# Task requirements
Could you copy exactly the lines from the one containing "大阪府は11月24日、平成2" through the last line of the records below, leaving out any pictures?

- - -

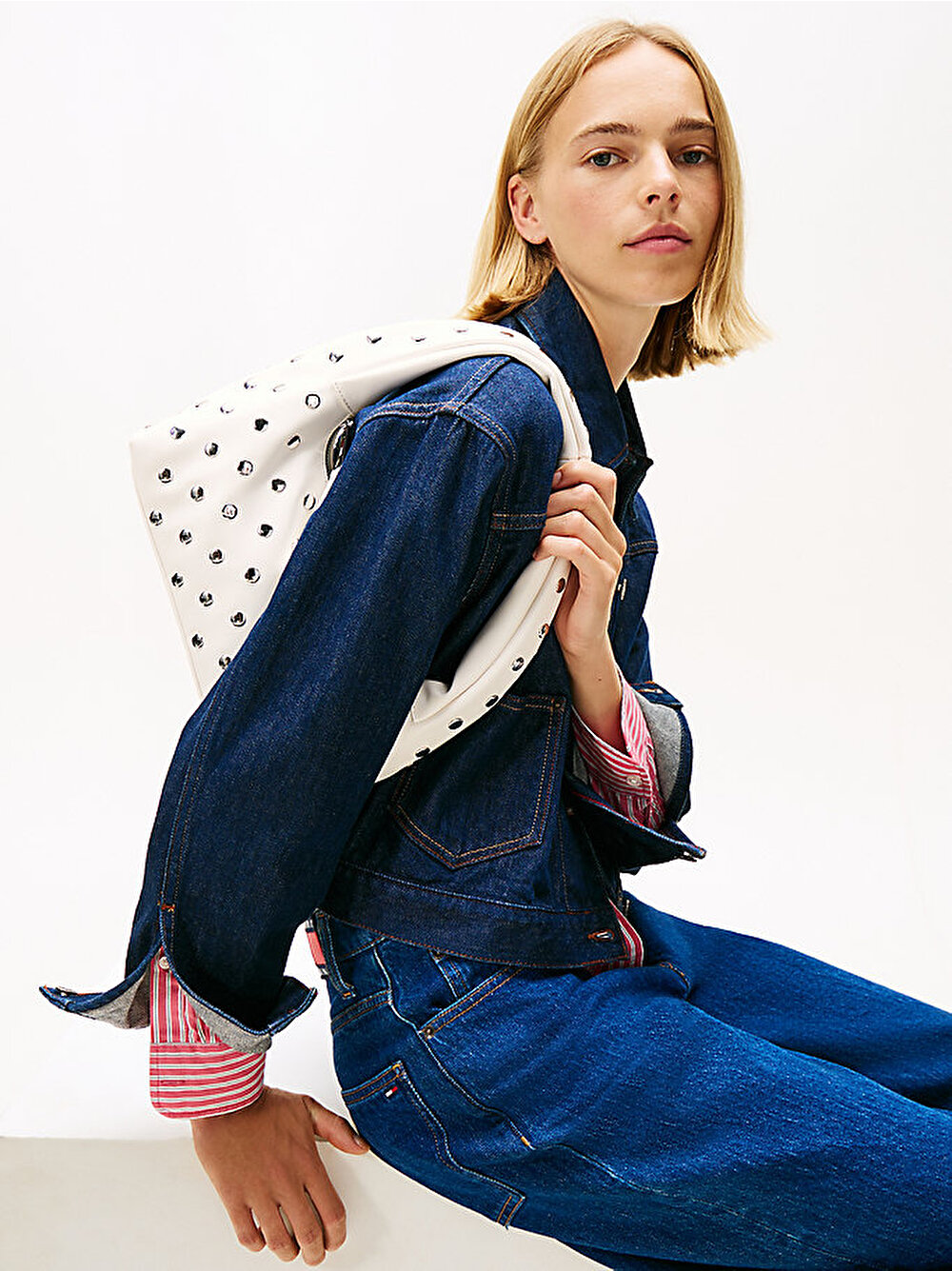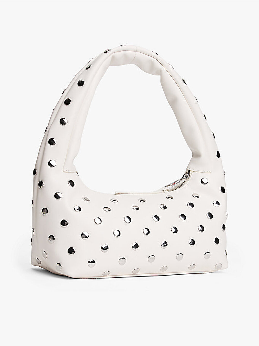 Baştan aşağı metal perçinli ve kullanışlı fermuarlı bir iç cebe sahip bu omuz çantası ile kıyafetlerinize sıra dışı bir enerji katın.
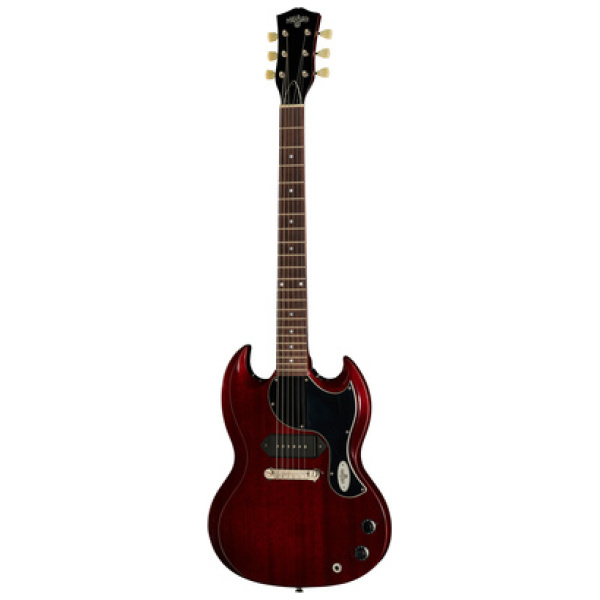De Maybach Albatroz 65 Aged Dark Winered is een elektrische gitaar met een eendelige mahonie body en hals, palissander fretboard en Amber P 90 pickups. Het heeft 1 volume en 1 tone control, Kluson stemmechanieken en wordt geleverd met een koffer. De nitrocellulose aged finish en de kleur Dark Wine Red maken het een opvallende gitaar.
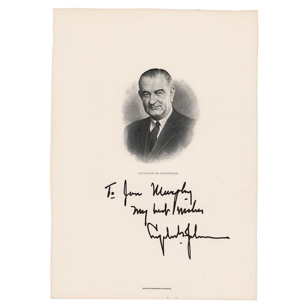 Uncommon 5 x 7 engraved portrait of Lyndon B. Johnson by the Bureau of Engraving and Printing, signed and inscribed in black ink, “To Jon Murphy, my best wishes, Lyndon B. Johnson.” In fine condition, with trimmed edges.
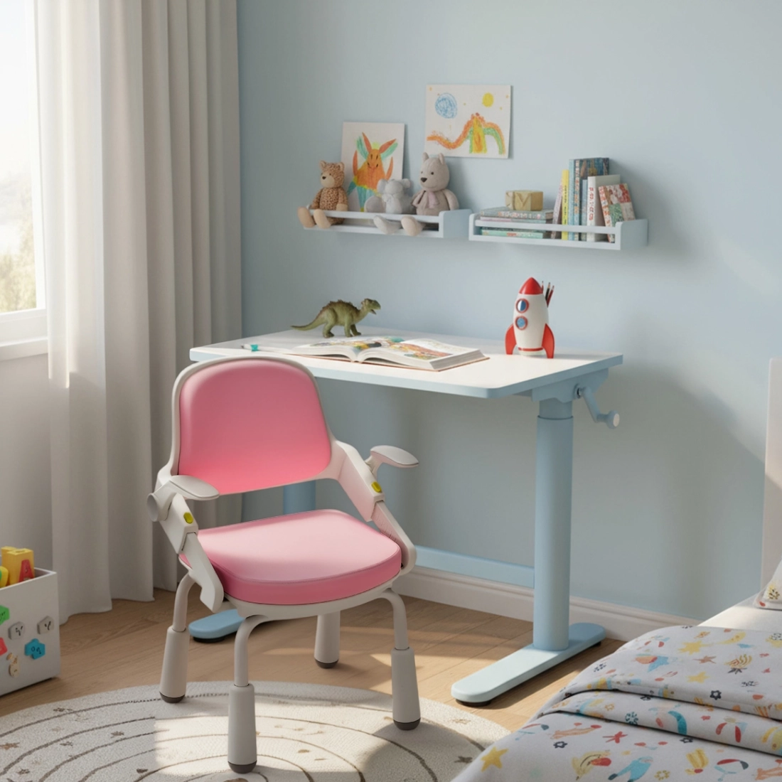 Kompletny zestaw do nauki, zabawy i kreatywnego rozwoju! W pakiecie otrzymujesz biurko z elektryczną regulacją wysokości SPE-X112P oraz ergonomiczne krzesło SPC-XD-11. Komplet rośnie wraz z dzieckiem (ok. 4–15 lat), wspiera prawidłową postawę, porządek i koncentrację. Biało-różowe biurko z blatem 100×50 cm i różowo-szare krzesło z miękką tapicerką to stylowy i bezpieczny duet, który doskonale wpisze się w nowoczesny pokój dziecka.
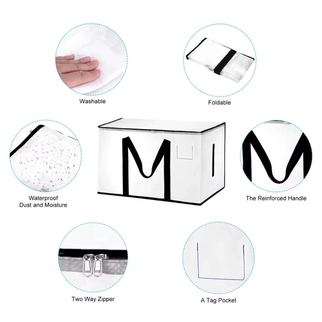 These extra-large moving bags are designed to replace traditional moving boxes and organizers. Made from durable, odorless, and washable materials, they provide excellent protection for your clothes against dust and moisture. The bags feature reinforced handles to prevent tearing and are lightweight and portable, allowing for easy storage when not in use. A convenient tag pocket allows for easy luggage marking, and the two-way zipper ensures a secure closure. Ideal for storage, space-saving solutions, camping, and holiday packing.
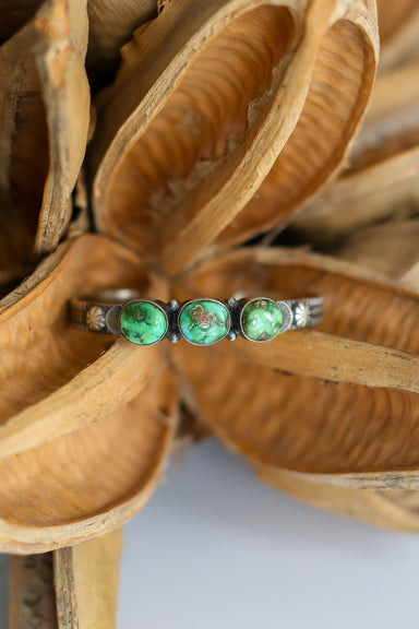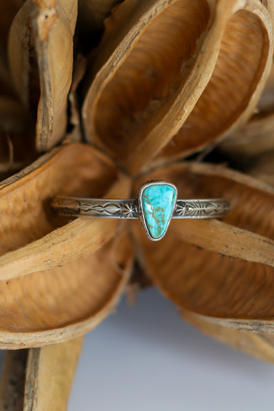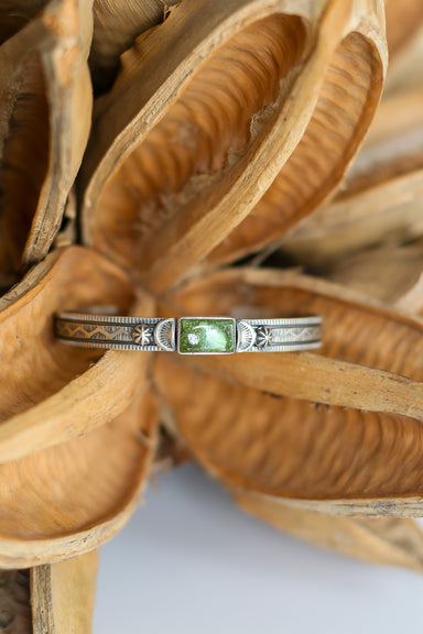These raised triangle cuffs have a unique Turquoise stone in the middle with unique stamping all the way around the cuff. These cuffs do have a thi...
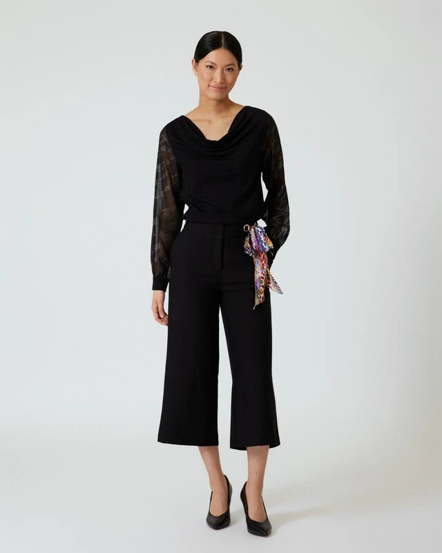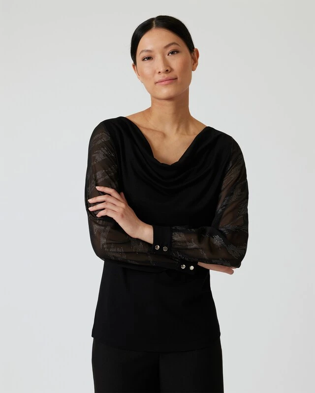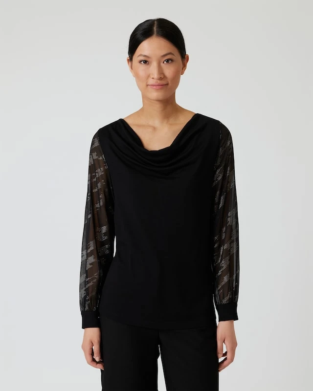 Mit diesem tollen Shirt haben Sie ein echtes Fashion-Piece an der Hand. Der raffinierte Hingucker ist in klassischem Schwarz gestaltet und besticht durch zahlreiche Schnitt-Details. So sind die weiten Ärmel in semi-transparentem Kontrastmaterial gefertigt, akzentuiert durch Ziersteine und Manschetten. Der schöne Wasserfallausschnitt betont den femininen Appeal, ebenso die feine Viskose. Von Brian Rennie.
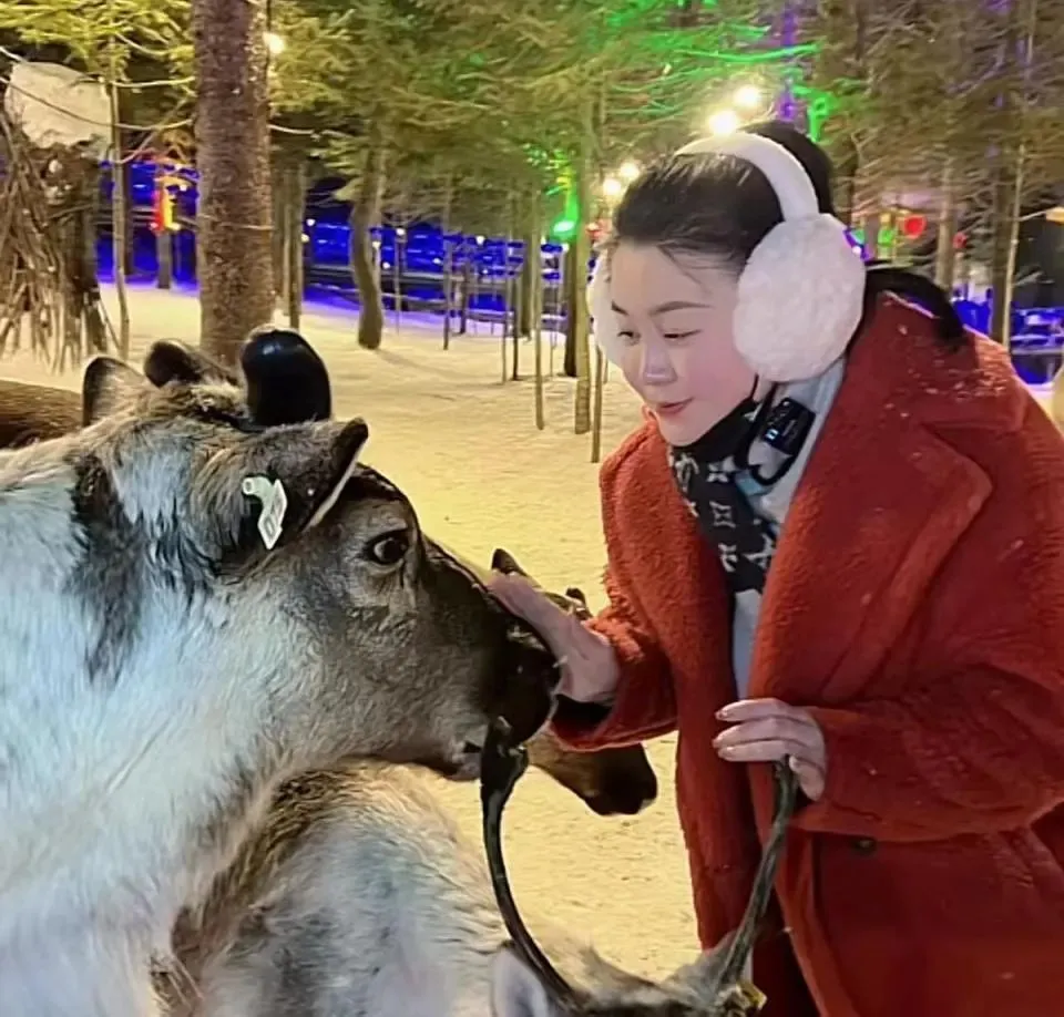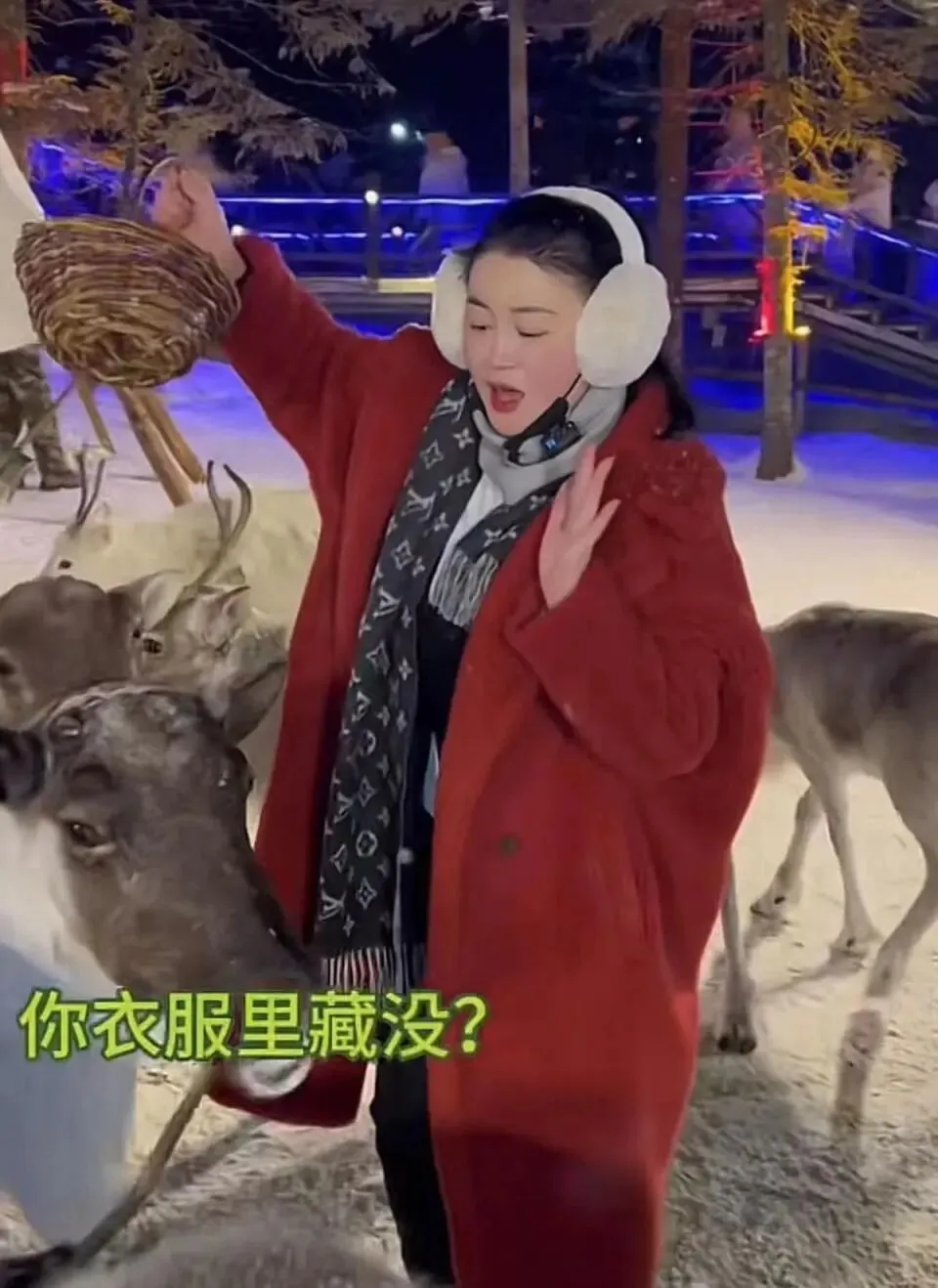 关婷娜在户外蹦迪活动结束后,与小鹿进行互动。她一边喂食,一边和小鹿交谈。当小鹿围在她身边时,她惊叫起来,声音中还带着少女般的娇俏,与她高贵的形象形成了鲜明对比。
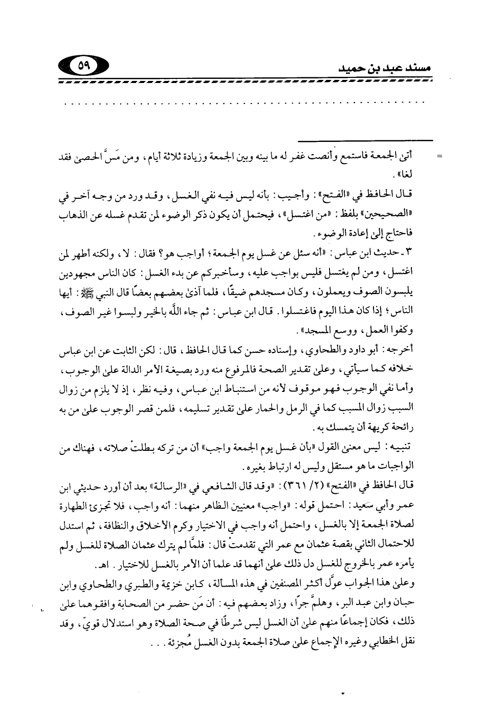 3- حديث ابْنِ عَبَّاسٍ: "أَنَّهُ سُئل عَنِ غسل يوم الجمعة؛ أواجب هو؟ فقال: لا، ولكنه أطهر لمن اغتسل، ومن لم يغتسل فليس بواجب عليه، وسأخبركم عن بدء الغسل: كان الناس مجهودين يلبسون الصوف ويعملون، وكان مسجدهم ضيقا، فلما آذى بعضهم بعضا قَالَ النَّبِيُّ صَلَّى اللهُ عَلَيْهِ وسلم: "أَيُّهَا النَّاسُ؛ إِذَا كَانَ هَذَا اليوم فاغتسلوا" قال ابن عباس: ثم جاء الله بالخير ولبسوا غير الصوف، وكفوا العمل، ووسع المسجد".
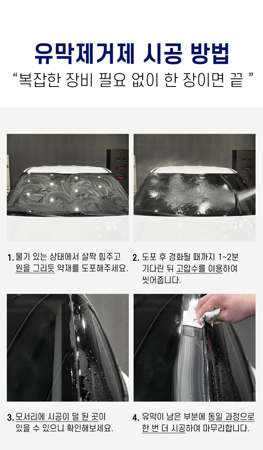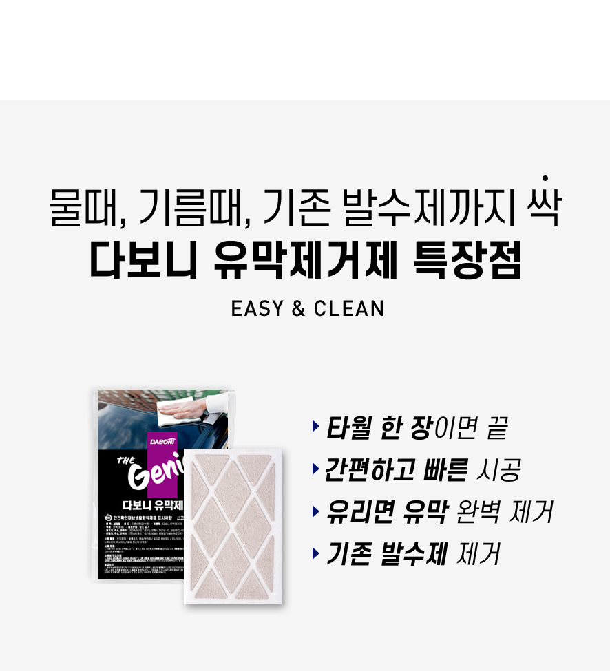 | 4. 중량·용량·매수 | 유막제거제(20ml 1매),발수코팅제(20ml 1매) |
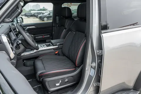 进入车内,这款车的内饰设计同样令人印象深刻。捷途旅行者C-DM 212km采用了百万级硬派内饰风格,配备64英寸全景大天窗,带来敞篷级别的开阔视野。座椅采用菱形格双排缝线工艺,结合麂皮材质,触感细腻且颇具品质感。硬派多功能方向盘和钻石纹理实体按键设计,兼顾了实用性与未来感,尤其是盲操时的便捷性得到了很好的体现。车内9处力量派软包覆拉手为乘客提供了更多支撑点,整体乘坐稳定性不错。此外,G318路线饰板氛围灯点亮了车内的越野灵魂,不同场景下的氛围营造颇为到位,内饰设计在硬朗与精致之间取得了较好的平衡。
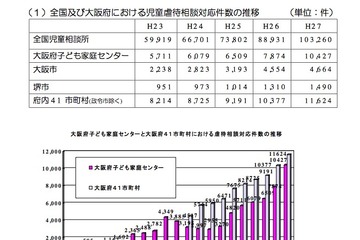 大阪府は11月24日、平成27年度の「大阪府子どもを虐待から守る条例第9条に基づく年次報告書」を公表した。大阪府子ども家庭センターにおける児童虐待相談対応件数は10,427件となり、前年度に比べ2,553件増。条例の特徴である「48時間以内の安全確認」は8,277件実施された。
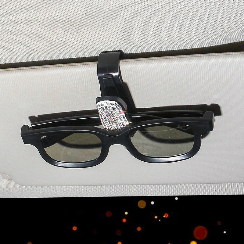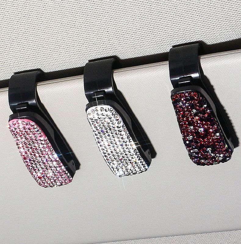 送料無料 サングラスホルダー メガネクリップ カードクリップ 車用品 車載アクセサリー 車内収納 ラインストーン キラキラ かわいい おしゃれ サンバイザー

- - -

# Answer box
 大阪府は11月24日、平成27年度の「大阪府子どもを虐待から守る条例第9条に基づく年次報告書」を公表した。大阪府子ども家庭センターにおける児童虐待相談対応件数は10,427件となり、前年度に比べ2,553件増。条例の特徴である「48時間以内の安全確認」は8,277件実施された。
 送料無料 サングラスホルダー メガネクリップ カードクリップ 車用品 車載アクセサリー 車内収納 ラインストーン キラキラ かわいい おしゃれ サンバイザー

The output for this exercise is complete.